I’m called a member of the junior faculty, which I find hilarious. I wonder if I’m the oldest junior faculty member they’ve had! It’s so much fun, though, to have the opportunity to get a chance to restart a skill from scratch. As a library director, I never felt that there was ever time away from managing. There’s always another decision, another challenge, and you course correct and improve by making mistakes first and then making fewer over time.
Could a new law library manager or director read and prepare in advance? Maybe. I read a long book with advice for academic library directors and I found it less helpful than I found more generic management and leadership advice. For someone planning a move into management, I think the path to success lies being deliberate about learning what you don’t know. You can wing it but you don’t need to, and few decisions are so immediate that you can’t take a moment to read something or ask someone.

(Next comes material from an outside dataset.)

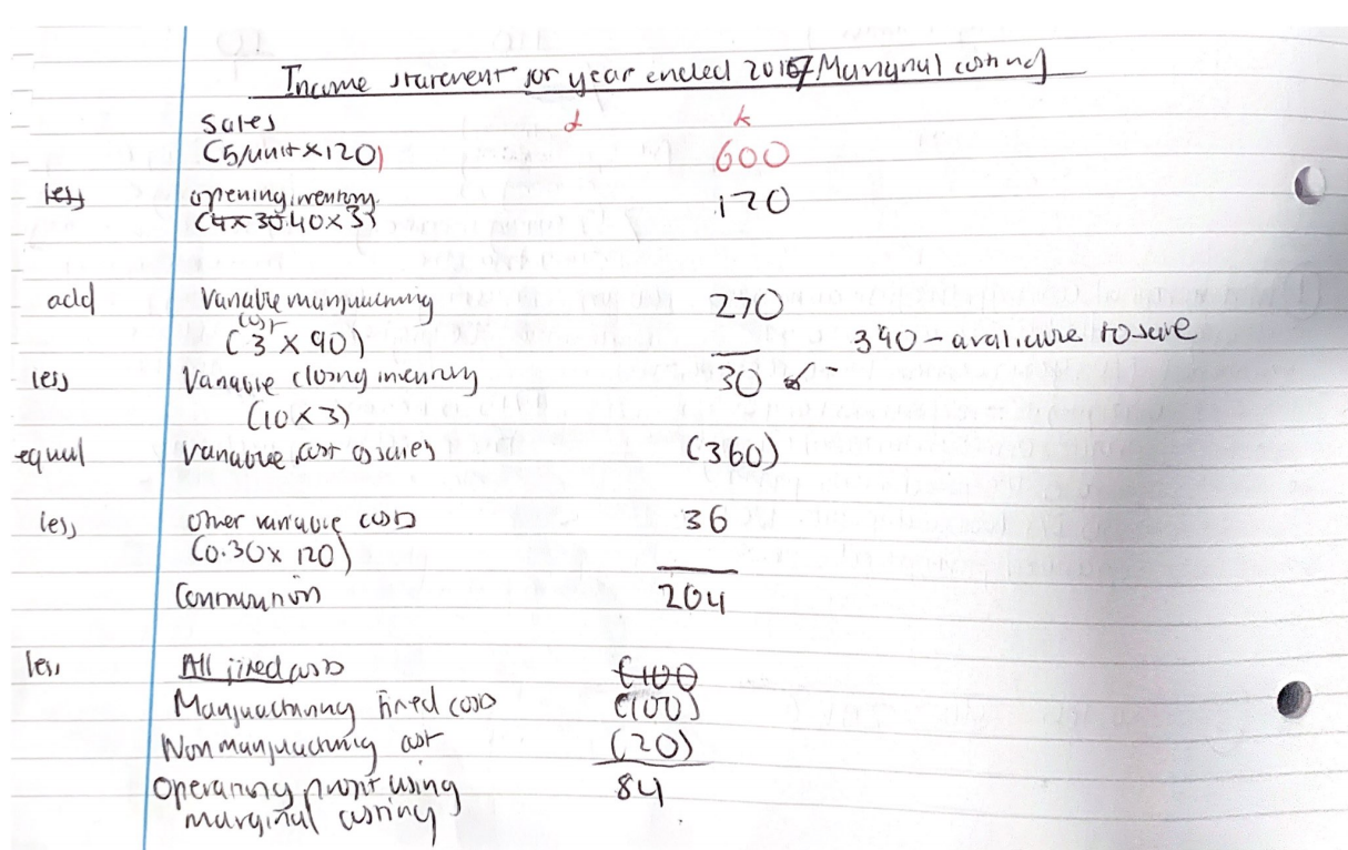 ( less other variable costs means non manfuacturing variable costs).

There are all the mechanics to work on in the future too: the syllabus, the courseware, and so on. But even there, learning to think about things like backward design (shout out to the RIPS SIS blog which had a good post using those principles recently) is so helpful. Things that seem so obvious in hindsight but certainly weren’t things I’d been asked to do, let alone thought to do on my own.
It does make me wonder how many law school faculty have the resources we have, and are encouraged to teach law school courses like teachers. I really don’t have any idea and it’s been so long since I taught in a law school. Since I came from the context of being asked to teach without having any teaching education or credentialing, I can see where faculty, especially adjuncts, are just slotted into a course and asked to “teach”, which seems to mean “impart your knowledge in a coherent manner”. But there is clearly so much more to it than that. It would be like asking a law library director to come in and “just make decisions”.
I am looking forward to getting myself ready for teaching. And I am also looking forward to reflecting some of Ray’s wisdom, and humor, and unrelenting curiosity about law practice technology, putting the what and the why together. His legacy doesn’t need me to honor him. But I’ll be thinking of him when next fall’s semester begins.